Activity: Please, without any pictures, transcribe the lines from the one holding "Tearmann glampála—gan aon" to the end of the listing, both ends included.

──────── Information supplied

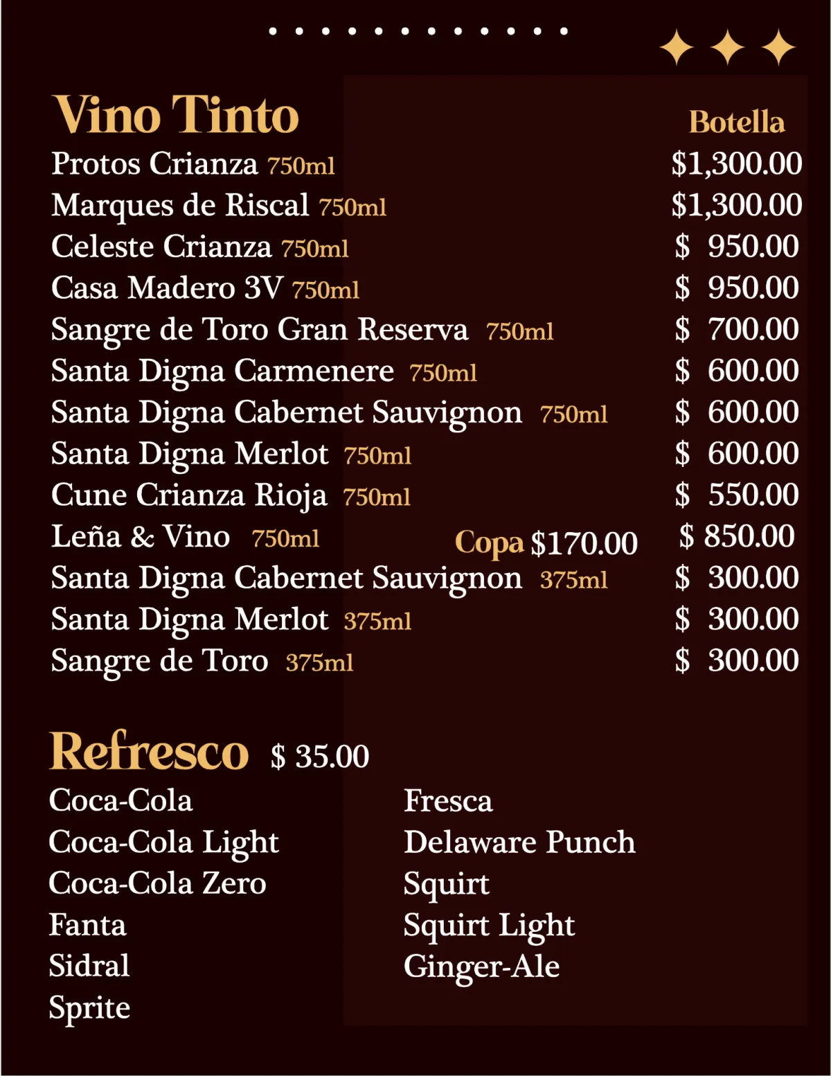 La experiencia en Leña & Vino se complementa con una selección exclusiva de bebidas que elevan cada platillo.
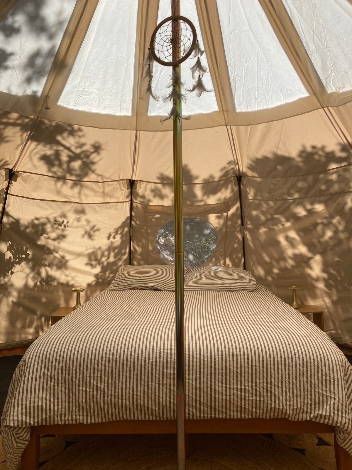 Tearmann glampála—gan aon táillí breise! Tá leaba rí agus seomra folctha lasmuigh i "King's Quarters", suite díreach in aice leis an gcrios, agus deic peirgeola agus seomra cúil príobháideach ina bhfuil tobán te. Bain sult as $450 i bhfeabhsuithe saor in aisce—própán, fuaraitheoir agus oighear, fíon nó kombucha baile, seiceáil isteach/amach luath, peataí agus glanadh, agus go leor eile. NÓTA: Tá Seomraí an Rí geimhrithe don séasúr. Tá an tobán te fós te, ach tá an t-uisce dícheangailte. Cuirfear téitheoirí, blaincéid bhreise agus teirmeas uisce ar fáil duit.
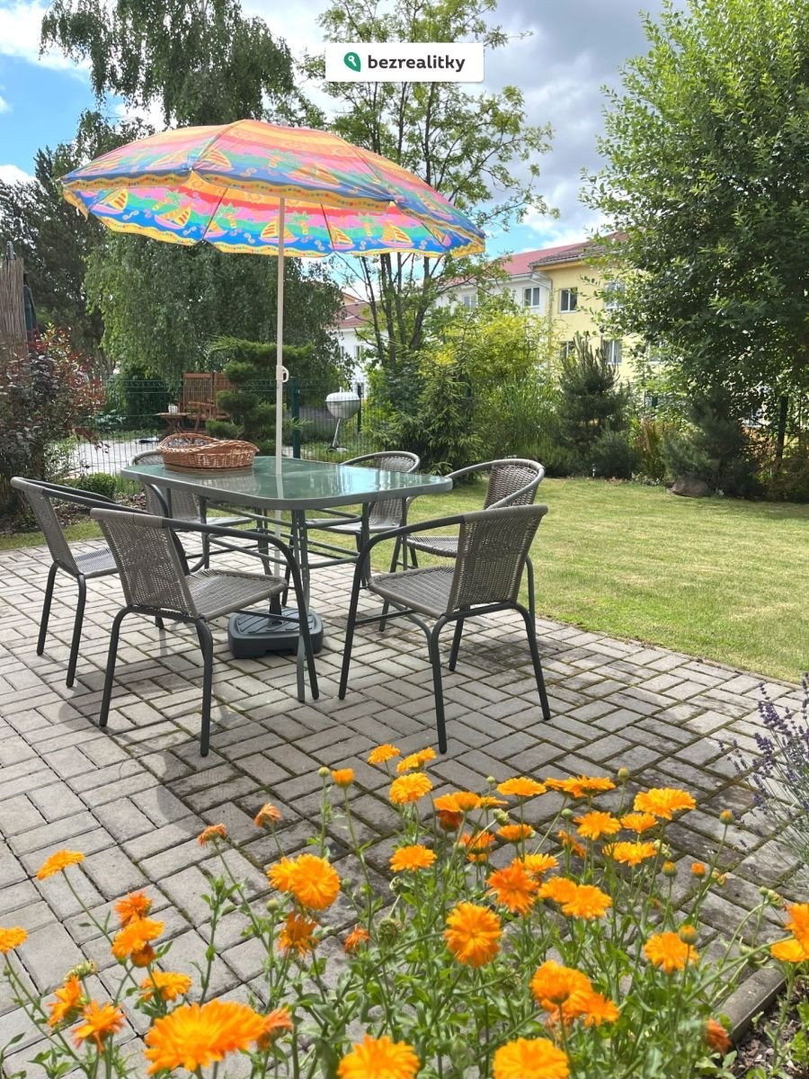 • K bytu náleží oplocená zatravněná zahrádka (78 m²) s terasou, přístupná přímo z obývacího pokoje – ideální pro ranní kávu nebo bezpečné hraní dětí.

────────────────

Exercise response:
 Tearmann glampála—gan aon táillí breise! Tá leaba rí agus seomra folctha lasmuigh i "King's Quarters", suite díreach in aice leis an gcrios, agus deic peirgeola agus seomra cúil príobháideach ina bhfuil tobán te. Bain sult as $450 i bhfeabhsuithe saor in aisce—própán, fuaraitheoir agus oighear, fíon nó kombucha baile, seiceáil isteach/amach luath, peataí agus glanadh, agus go leor eile. NÓTA: Tá Seomraí an Rí geimhrithe don séasúr. Tá an tobán te fós te, ach tá an t-uisce dícheangailte. Cuirfear téitheoirí, blaincéid bhreise agus teirmeas uisce ar fáil duit.
 • K bytu náleží oplocená zatravněná zahrádka (78 m²) s terasou, přístupná přímo z obývacího pokoje – ideální pro ranní kávu nebo bezpečné hraní dětí.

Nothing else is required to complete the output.